Firecrawl web scraping API via curl. Use this skill to scrape webpages, crawl websites, discover URLs, search the web, or extract structured data.
If requests fail, run zero doctor check-connector --env-name FIRECRAWL_TOKEN or zero doctor check-connector --url https://api.firecrawl.dev/v1/scrape --method POST
All examples below assume you have FIRECRAWL_TOKEN set.

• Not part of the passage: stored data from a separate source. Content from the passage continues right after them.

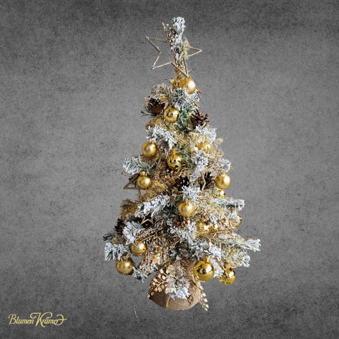 Wish a loved one a magical Advent season with our snowy mini Christmas tree. This decorative artificial tree spreads joy and coziness, creating a festive atmosphere throughout the Christmas season. With integrated lights and available in two sizes, either for decorating yourself or already decorated in red or gold, it's the perfect gift or a charming decoration for home or office.
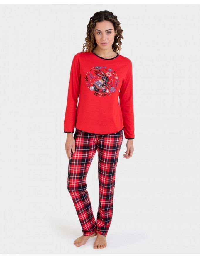 Pijama largo de mujer Massana de tejido de punto estampado en color rojo.
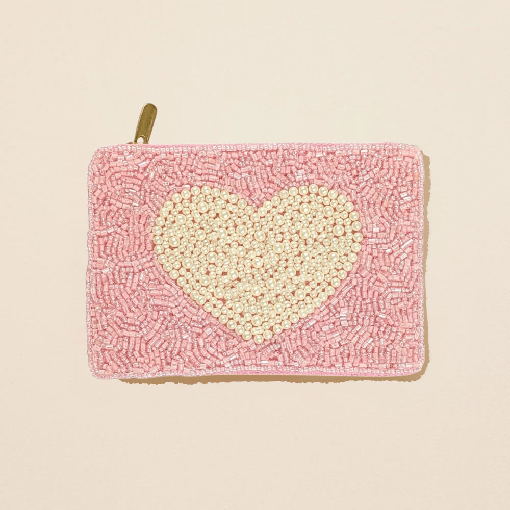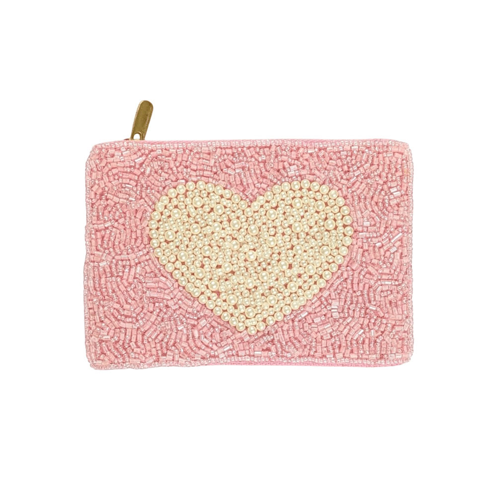 Details • Size : 5" X 3.75" • No Inside Pocket • Beads On Front Only • Zipper Closure • Lovely beaded pouch featuring a pearl-accented heart centerpiece for a sweet, feminine touch. Perfect for storing small essentials, gifting, themed events or adding charming detail to everyday accessories. A cute, expressive piece that brings soft romantic style. • Made In India
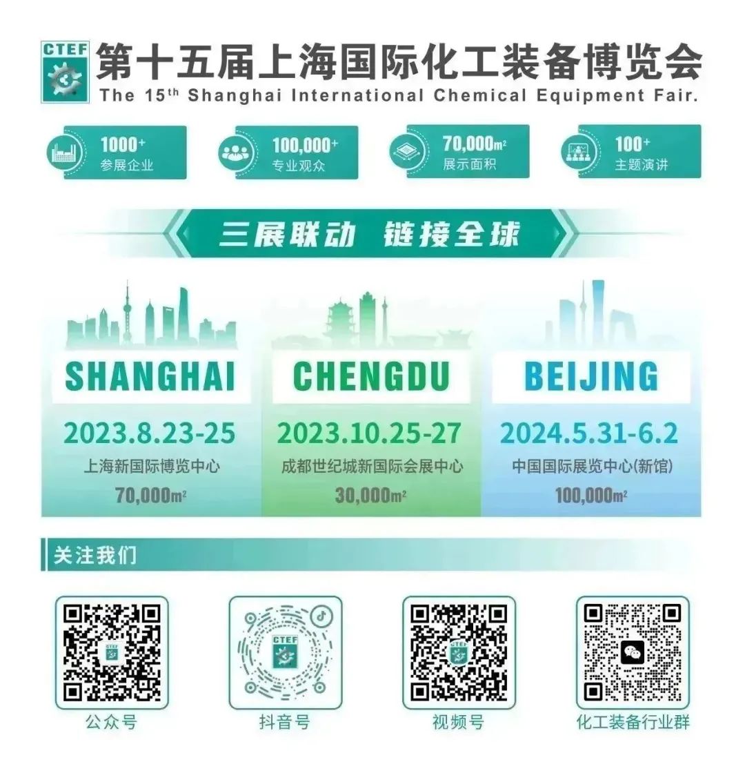 第十五屆上海國(guó)際化工裝備博覽會(huì)將于2023年8月23-25日在上海新國(guó)際博覽中心舉辦,預(yù)計(jì)參展企業(yè)1000+,展覽面積70,000m²,專(zhuān)業(yè)觀眾100,000+。展會(huì)設(shè)置石化裝備、化工單元設(shè)備、換熱器、蒸發(fā)結(jié)晶設(shè)備、微反應(yīng)器、化工粉體加工輸送、化工三廢處理設(shè)備、泵閥管道、智慧化工園區(qū)、化學(xué)品儲(chǔ)運(yùn)包裝、安全防爆、儀器儀表等專(zhuān)區(qū), 被業(yè)界譽(yù)為“一年一度的化工裝備大會(huì)”。
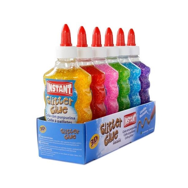 INSTANT COLA LÍQUIDA GLITTER GLUE C/PURPURINA PARA DECORACIÓN BOTELLA 180ML C/SURTIDOS
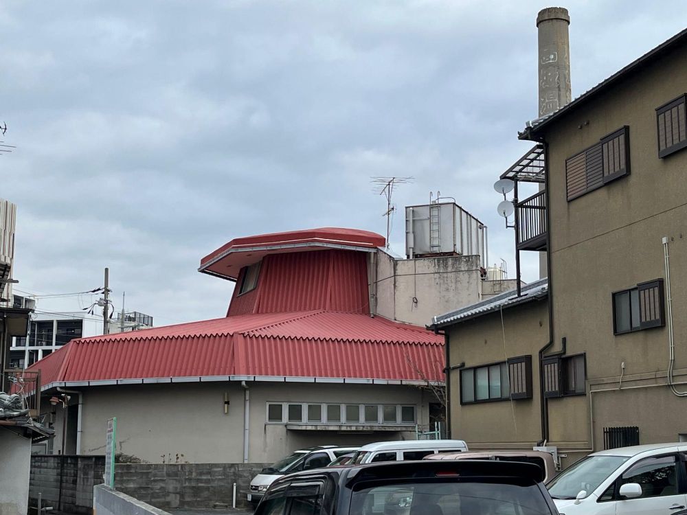 改めて葛城温泉の外観を見ると、銭湯の中でも比較的モダンな気がします。八角形の赤い(レンガ色)の屋根を持ち、母屋も七角形と複雑な構造になっています。
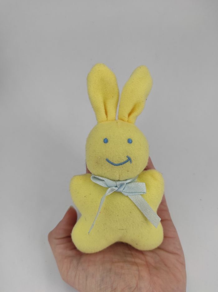 🐰 Mini Peluche Lapin Jaune avec nœud en ruban bleu autours du cou, yeux et bouche brodés en fils bleu, vintage 📏 Dimension : 12 cm environ ✨ Occasion, très bon état mais est un peu taché sur le devant 👀 Vous achetez la peluche que vous voyez sur les photos 🚭 NON FUMEUR et sans odeurs d'animaux 📬 Envoi rapide sous maximum 3 jours
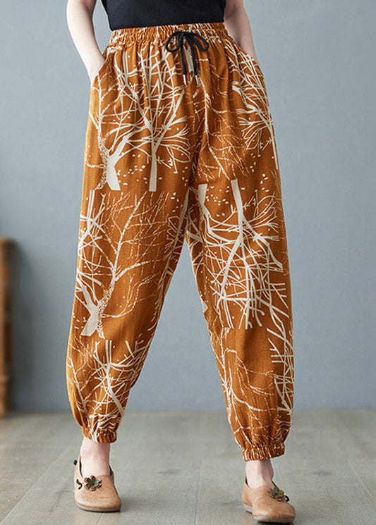 Pantalon sarouel ample en coton à taille élastique brodé orange pour l'été LY4461
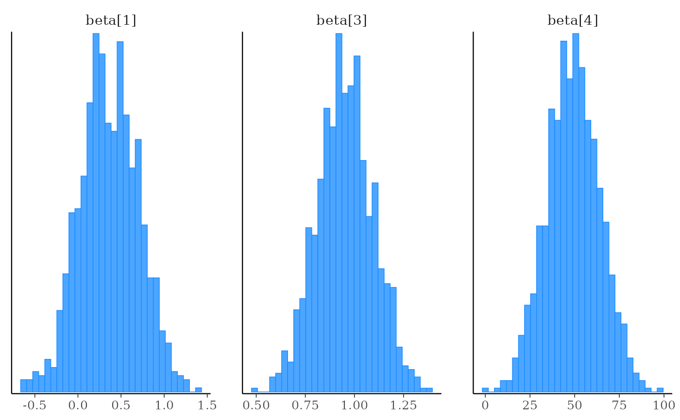mcmc_hist(x, pars = vars(param_range("beta", c(1, 3, 4))))
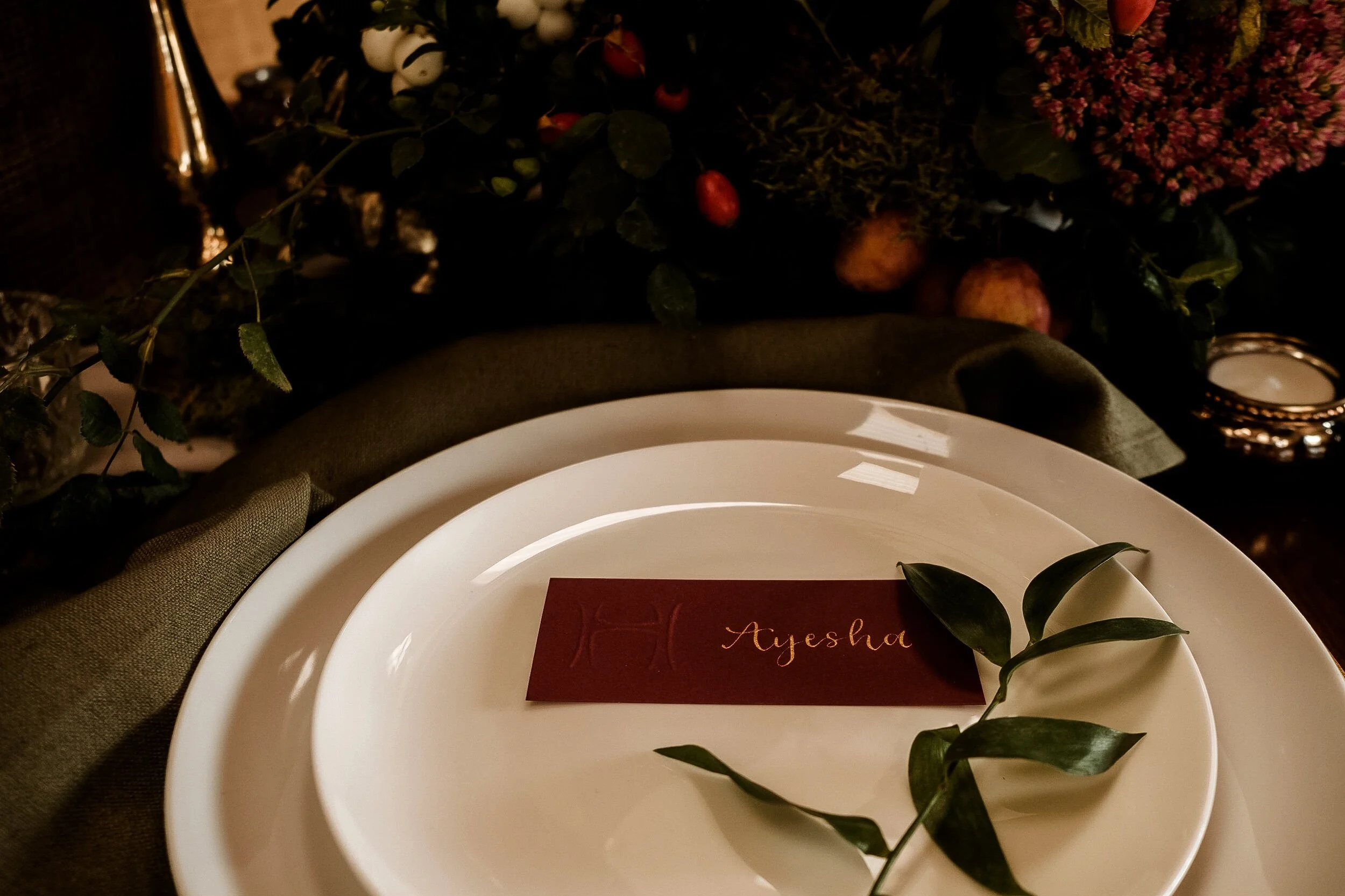 Elegant table setting with white plates, a maroon name card with gold writing, green leaves, and floral arrangement in the background.
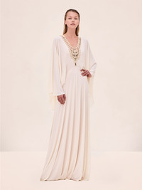 The Genevive Dress is a fluid crepe gown featuring a hand-beaded necklace at the neckline and long, flowy sleeves. Model Measurements Height: 5'10" Bust: 34B Waist: 25" Hips: 35” Model wears an XS
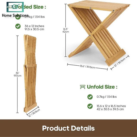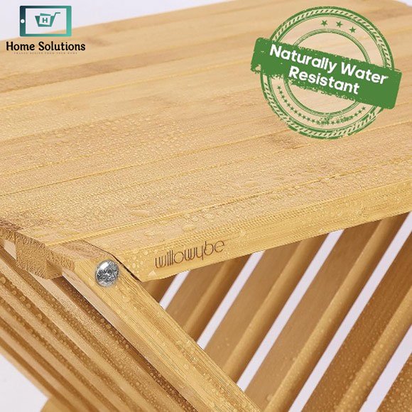 Premium bamboo folding stool with waterproof coating. Perfect for bathroom, sauna, or multi-use seating. Durable, portable & space-saving design.
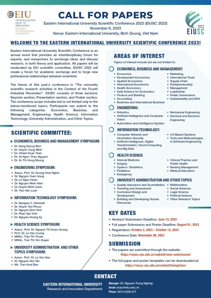 Thông báo Hội nghị Khoa học Trường Đại học Quốc tế Miền Đông năm 2023
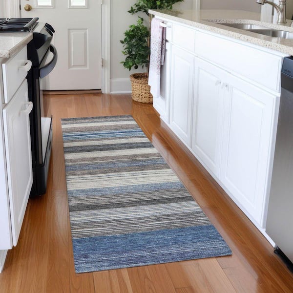 Mayfield Premium Machine Washable Abstract AMF1703 Denim 2 ft. 3 in. x 7 ft. 6 in. Runner Rug
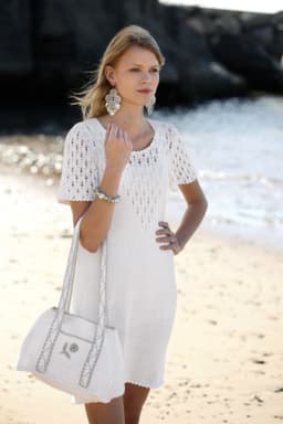 Kjole i hullmønster med korte- eller trompet-ermer

Base URL: https://api.firecrawl.dev/v1
Extract content from a single webpage.
Write to /tmp/firecrawl_request.json:
{
"url": "https://example.com",
"formats": ["markdown"]
}
Then run:
curl -s -X POST "https://api.firecrawl.dev/v1/scrape" -H "Authorization: Bearer $FIRECRAWL_TOKEN" -H "Content-Type: application/json" -d @/tmp/firecrawl_request.json
Write to /tmp/firecrawl_request.json:
{
"url": "https://docs.example.com/api",
"formats": ["markdown"],
"onlyMainContent": true,
"timeout": 30000
}
Then run:
curl -s -X POST "https://api.firecrawl.dev/v1/scrape" -H "Authorization: Bearer $FIRECRAWL_TOKEN" -H "Content-Type: application/json" -d @/tmp/firecrawl_request.json | jq '.data.markdown'
Write to /tmp/firecrawl_request.json:
{
"url": "https://example.com",
"formats": ["html"]
}
Then run:
curl -s -X POST "https://api.firecrawl.dev/v1/scrape" -H "Authorization: Bearer $FIRECRAWL_TOKEN" -H "Content-Type: application/json" -d @/tmp/firecrawl_request.json | jq '.data.html'
Write to /tmp/firecrawl_request.json:
{
"url": "https://example.com",
"formats": ["screenshot"]
}
Then run:
curl -s -X POST "https://api.firecrawl.dev/v1/scrape" -H "Authorization: Bearer $FIRECRAWL_TOKEN" -H "Content-Type: application/json" -d @/tmp/firecrawl_request.json | jq '.data.screenshot'
Scrape Parameters:
| Parameter | Type | Description |
|---|---|---|
url |
string | URL to scrape (required) |
formats |
array | markdown, html, rawHtml, screenshot, links |
onlyMainContent |
boolean | Skip headers/footers |
timeout |
number | Timeout in milliseconds |
Crawl all pages of a website (async operation).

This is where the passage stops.